---- Data under study

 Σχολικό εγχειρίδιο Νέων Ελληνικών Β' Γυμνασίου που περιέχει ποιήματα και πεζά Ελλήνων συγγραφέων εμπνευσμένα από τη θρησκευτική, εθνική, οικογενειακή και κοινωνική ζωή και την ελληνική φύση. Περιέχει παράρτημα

--------
---- Data under study

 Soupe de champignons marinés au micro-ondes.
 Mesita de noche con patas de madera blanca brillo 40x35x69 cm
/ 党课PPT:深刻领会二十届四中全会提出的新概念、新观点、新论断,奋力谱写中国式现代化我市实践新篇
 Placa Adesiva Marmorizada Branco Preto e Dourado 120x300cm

--------

Your goal »
Retype, in the same exact form, the lines of the material above from the line holding "Soupe de champignons marinés au micro-ondes." through the line holding "Placa Adesiva Marmorizada".

Task output »
 Soupe de champignons marinés au micro-ondes.
 Mesita de noche con patas de madera blanca brillo 40x35x69 cm
/ 党课PPT:深刻领会二十届四中全会提出的新概念、新观点、新论断,奋力谱写中国式现代化我市实践新篇
 Placa Adesiva Marmorizada Branco Preto e Dourado 120x300cm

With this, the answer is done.